In the process, I identified some things I had not considered; but more importantly, I removed plenty.
Here’s a condensed version of the final version for the Indie Expedition:

With the paperwork done, I have now entered the next phase: building an MVP.

I’ve finished my game planning from the #IndieExpedition and now I’m building an MVP. I’m releasing a game this year.
Vitae Treatment Facility and Swimming
Swimming was a mechanic I wanted to build for quite a while. The mining operations led to several natural and artificial Vitae ponds, and sometimes the player needs to jump right in and swim.
Here’s a first version, recorded in the Vitae Treatment Facility, a room I built down in the Control Bunkers of the Lower Aegis.
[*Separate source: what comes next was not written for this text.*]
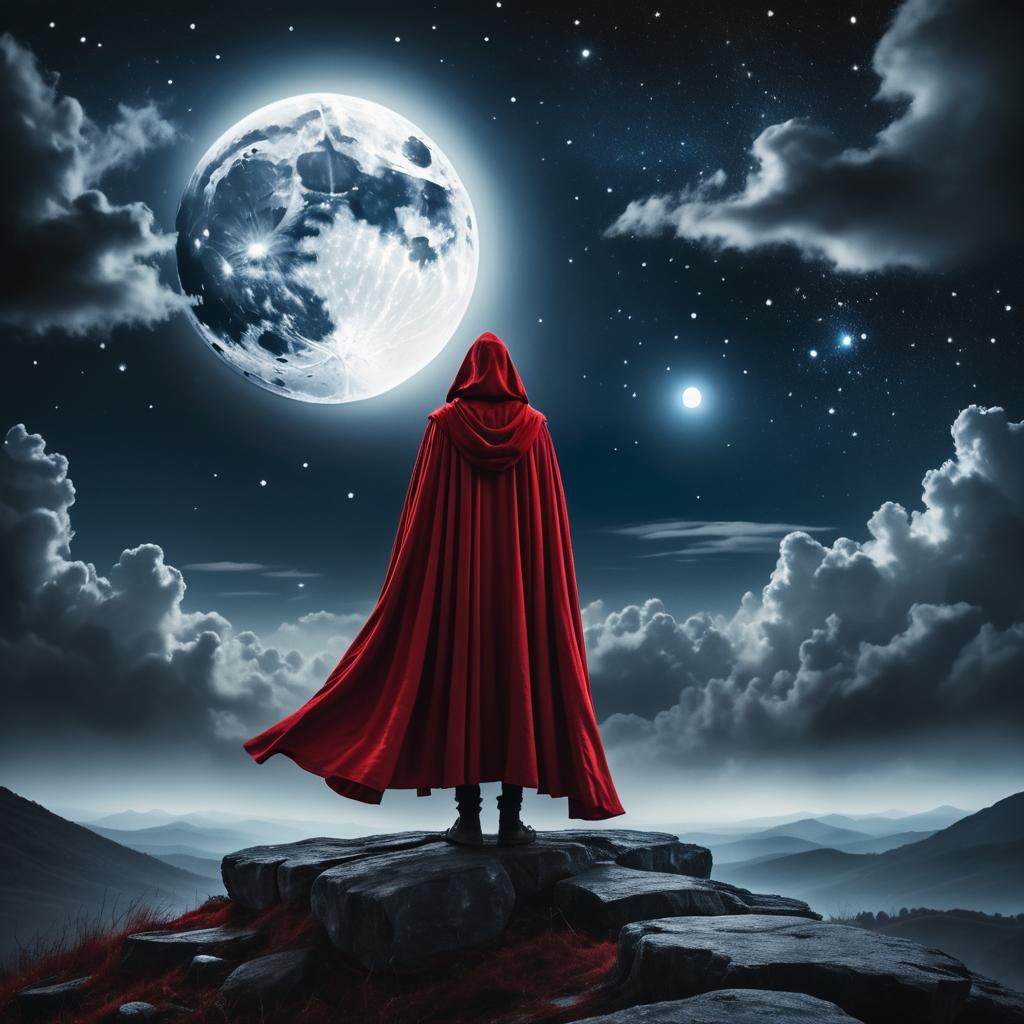 Figure in Red Cloak Under Full Moon

In this location, the primary purpose of swimming is to hide from NPCs entering the room:
The various machines in the room will be used for a quest which I have yet to build.
In-game menu
The MVP scope forced me to think about an in-game menu, too. I already had the starting menu in place, but since it was bound to a specific location, it wouldn’t work in-game. I had to think of an alternative.
Initially, I wanted to use a notepad as an in-game menu. I had also documented it accordingly in my GDD. But no plan survives the contact with reality, right? It turned out that I neither had a model which was detailed enough to work as an in-game menu – you’re holding this low poly object right in front of your virtual face, the camera, so it needs a bit of detail -, nor did the content work as I had described it originally.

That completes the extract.